RUSSIAN FEDERATION | Saturday, 27 January 2007 | Views [804]

Hi everyone,

Sorry I haven't added an article for a while but I couldn't get this site to come up on Mongolia. We are now in Beijing and hopefully over the next few days I will get time to get our journal up to date. Thank you for your emails, it is so nice to hear what everyone is up to. Though we are having a great time, travelling does make me miss people more. Postcards will be coming soon. I found it hard to find any in moscow but I will definately find some in China.

Trans - mongolian rail. Any one who has known me since highschool knows that I have always wanted to take this trip and it didn't disappoint. We took the train from Moscow to Ulan Batoor and then from Ulan Batoor to Beijing. The first stretch of the trip took 5 days and we went to 5 different times zones in that time (now for the first time in four years we are actually on the same time zone as australia) and believe it or not, the trip really flew by.

I think a major reason why we enjoyed the trip so much was that we went first class, which meant we had a cabin to ourselves. This gave us our own personal space- which for five days is necassary, but because all the people on our actual carriage spoke English and we very friendly, we also got the social aspect of being on the train. 

Our days very quickly fell into a routine of looking at the passing landscape, drinking lots of tea/coffee, chatting to the others and just passing time. The only interuption to this schedual  was when the train pulled into a station. The cue for this was the conductors locking the toliet doors. Then everyone in our carriage would put on their out door gear and watch through the passage way windows us enter the station. Then we would all rush out to walk around a little and buy food from the ladies who sold stuff on the platforms. Our excitment to get off the train and run around the platforms made our carriage attendants very nervous. They usually kept watch over us like other hens and would yell at us if they thought we were going to stray to far away from them. At one station, the poor attendant got worried there were too many people on the platform for him to watch us so we all had to get back on to the train.

Our carriage attendants were friendly and really lovely. This is not true of all carriage attendants. We got nice service because we were in the china part of the train. The russia end couldn't give on iota if they left someone behind. We got this information from Steve, our friend who would come us from 'little russia' each night to drink vodka with us ( I am now over vodka for a very long time).

Once again, besides the people we met, the best thing about the train was watching the passing landscape.
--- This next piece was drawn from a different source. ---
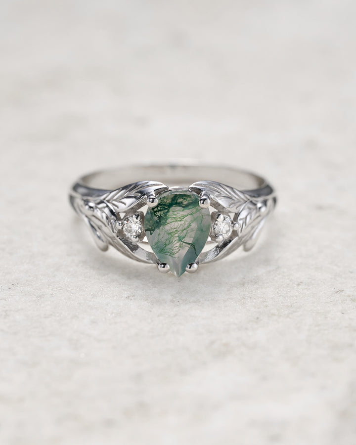 This Wisteria engagement ring features pear cut natural green moss agate. Unique proposal ring is adorned with two accent diamonds.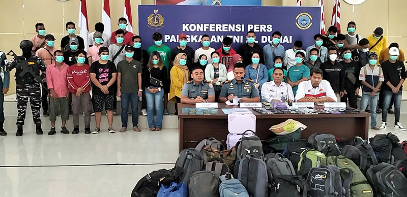 Penegasan tersebut disampaikan oleh Komandan Lanal Dumai Kolonel Laut (P) Boy Yopi Hamel MTr Hanla MM, Rabu (6/3) ketika melakukan konferensi pers di gedung pertemuan di Mako Lanal Dumai. ”Puluhan PMI itu diamankan, Rabu (6/3) sekitar pukul 05.35 WIB di pesisir Pantai Pelintung,” kata Boy.

I could go on for ages about its beauty and diversity. It was so nice to sit and read a book by the window. Everytime I glanced up, the landscape would have changed.  Two of the most impressive things I saw were: a) massive frozen lakes that went on for miles and if you looked closely often there would be a car driving on it or some one ice fishing and b) the Gobi desert covered in snow. Though it strangely looked like a moon scape, it was teeming with wild life. We saw camels, horses, llamas, cattle and massive birds of prey.

Anyway, I'll stop there, or I'll just go on for ages, but if you every get a chance to take the transiberian or transmongolian rail- do it. IT was one of the best experiences of the trip so far and we were both sad when it came to an end.